Он дочерей любил. Потеряв Митю, он знал, что его потерял, не веря в его литературные пробы, он пытался сохранить уважение и любовь дочерей. Но ведь это только представить его квартиру, эти бесконечные звонки, просьбы бесконечные, откуда силы, чтобы выполнить все? Поневоле шла в ход какая-то хитрость, а дети все видят, а дети ничего не прощают. Уже и в мастерской не стало спасения. Он не подходил к телефону (для близких был условный звонок: вначале два сигнала, потом молчание, и снова звонок, но и в эту паузу втискивался кто-то), завел станок для алмазной грани и сутками глотал стекольную пыль. Потом бесконечные эскизы, даже часто и технические описания, и формы делал он сам, не оттого, что не доверял кому-то, просто дорожил фамилией. «Раз написано, что моя авторская работа, то я и должен сделать от начала до конца». И снова эскизы, снова описания, уже на авторские изобретения, на новые орнаменты и узоры.

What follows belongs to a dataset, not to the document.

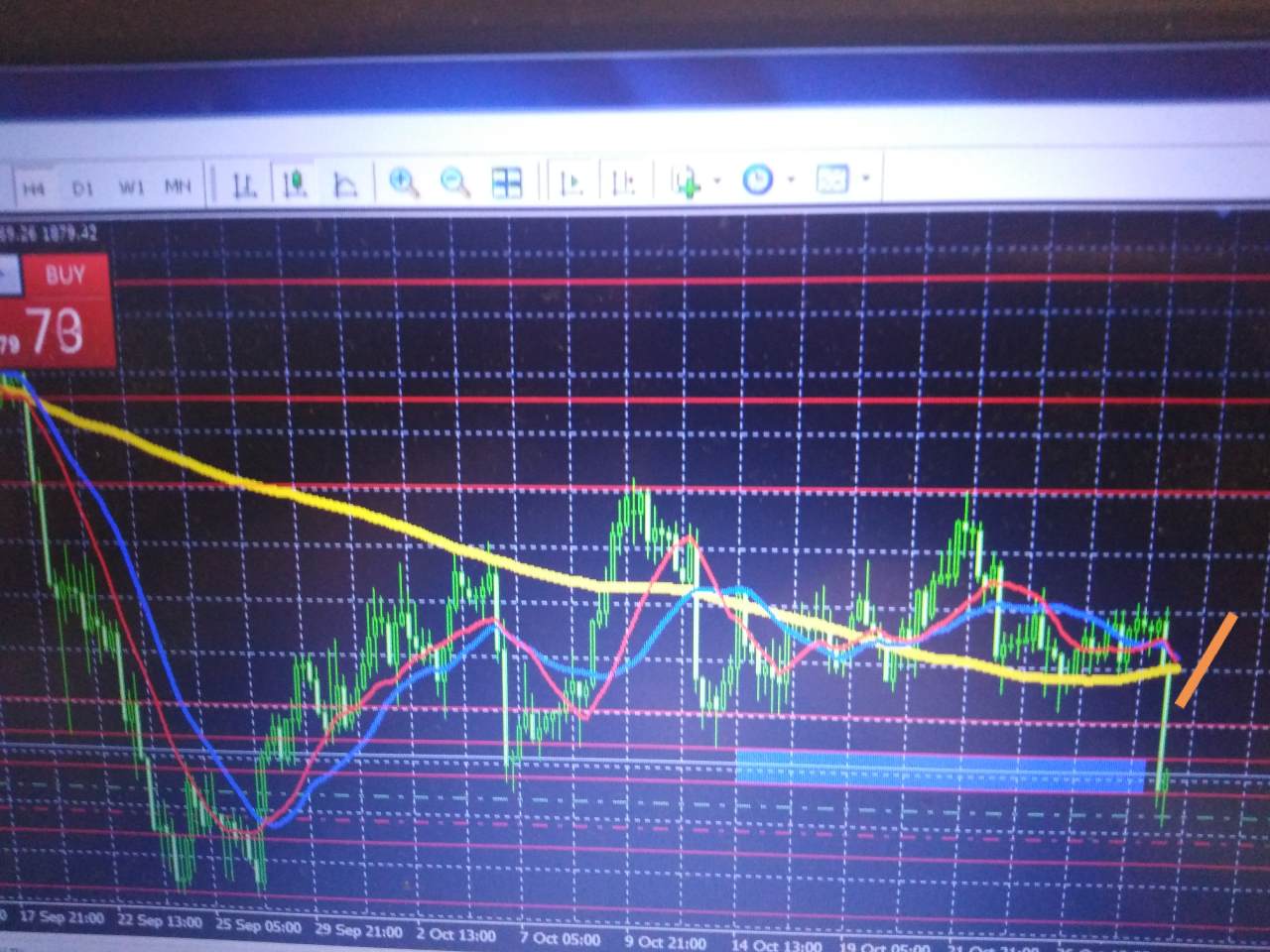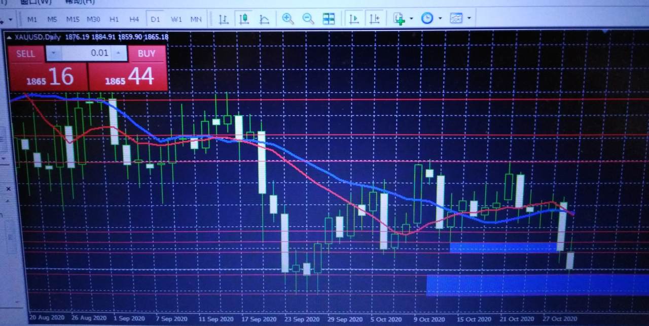 黄金空单止盈暂时出来,多单进了,但整体看空,所以目标价位要保守一些,暂时看到黄色箭头下边

В распределении узоров по окружности вазы или чаши, в вычислении соотношения длины донышка и вместилища, в пропорции длины ножки к длине воронки ему очень помогали его занятия древней посудой из стекла, его занятия в запасниках керченского музея.

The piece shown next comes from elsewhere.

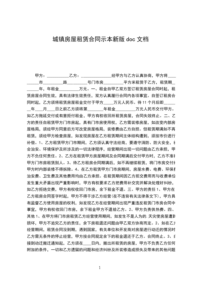 经甲方与乙方认真协商,甲方将__________市__________路__________号门市房__________平方米租赁于乙方,租赁期________年,年租金__________万元。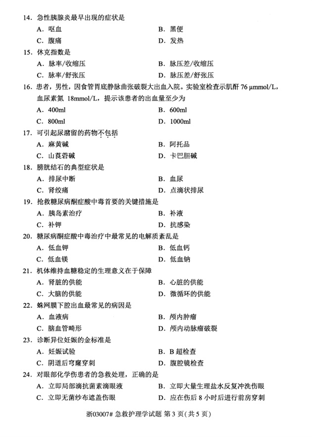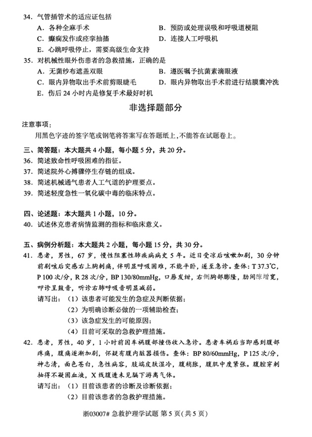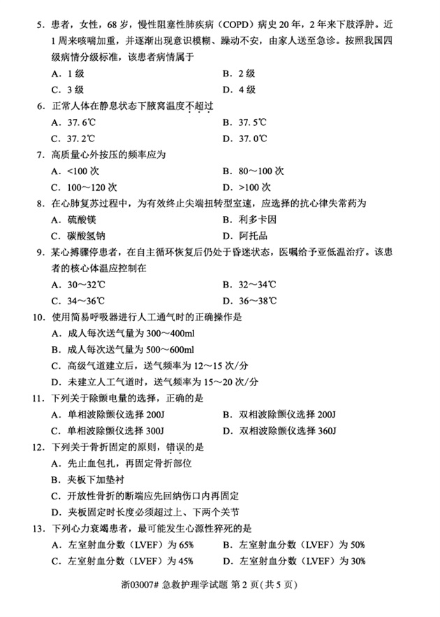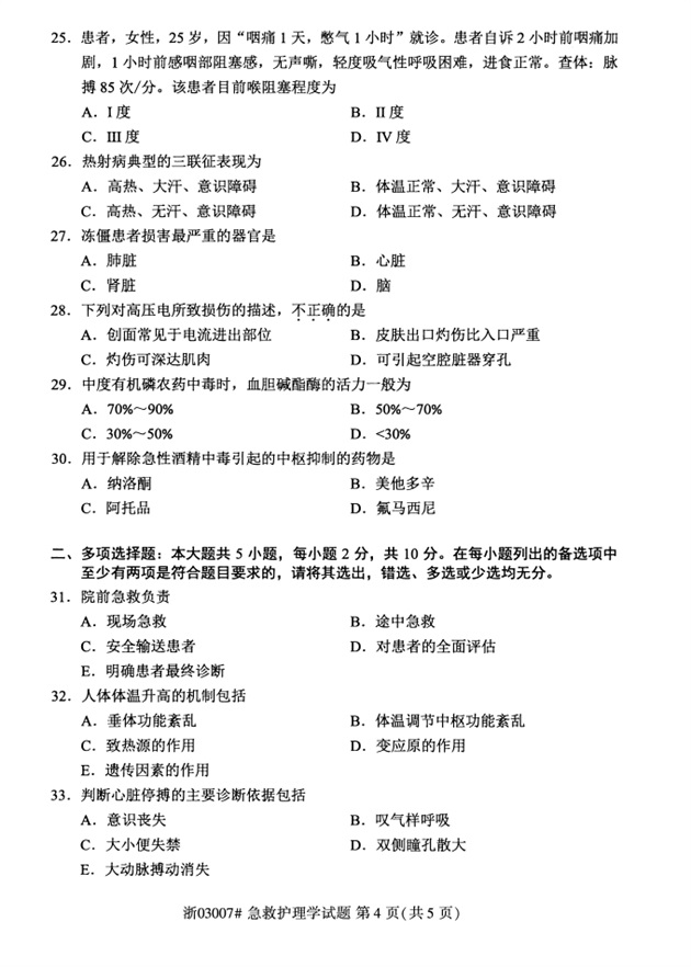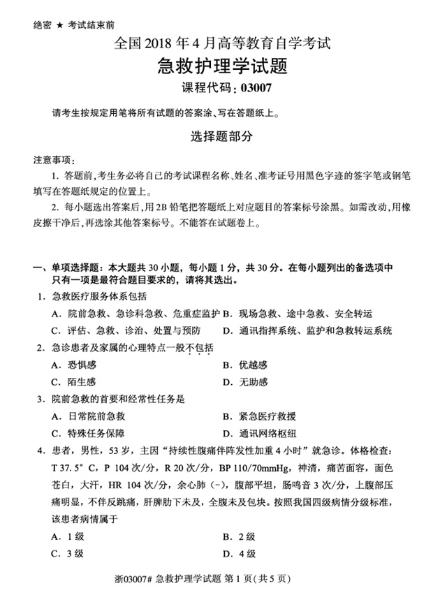 全国2018年4月高等教育自考03007急救护理学试题PDF

— В конце концов, что деньги, — сказал он однажды, — дело в том, на кого работаю. Скоро возненавижу хрусталь. В нем нот законченности, ведь он только форма, только форма, подумай, ведь он же готовится для какого-то содержания. Вот я думаю: в этот бокал нальют темное холодное вино. Это вздор, что красные вина подогревают, я работаю не для желудка, для красоты. Вот отпотевший хрусталь…

Мы сидели у него в мастерской, вдвоем, редкий случай.

— Вот свет. Сверху. — Он поднял бокал. — Свет проходит красное пространство и готов засверкать пожаром, но грани матовые — и свет смиряется и тихо засыпает. Потом бокал высыхает, свет вздрагивает, нет, потягивается и начинает беготню. А вот желтое сухое, ну, тут уж что говорить, тут только сиди да слушай чью-то болтовню да бокал покручивай.

Он убрал верхний свет, и от настольной лампы по стенам мастерской побежало, расцветая в хрустале, сияние: голубое и фиолетовое было в нем, искорками бегал красный цвет, вспыхивало золотое, и никак нельзя было его остановить.

— А его звон?! — Валерий передернулся. — Для чего делается ножка? Чтоб держаться за нее! Вот звон возникает хрустальный, он от касания, не от удара, в этом звоне нежность, он должен помниться долго после. Ты с любимой, с женой. Новый год… Ее глаза, ее новые милые морщины, твоя вина в них, ее усталость, кто бы знал, как я Вальку люблю! Нет, — тут же сказал он в другом ключе, — пой маются за самый верх, как будто шею перехватят, дождись от хрусталя пения.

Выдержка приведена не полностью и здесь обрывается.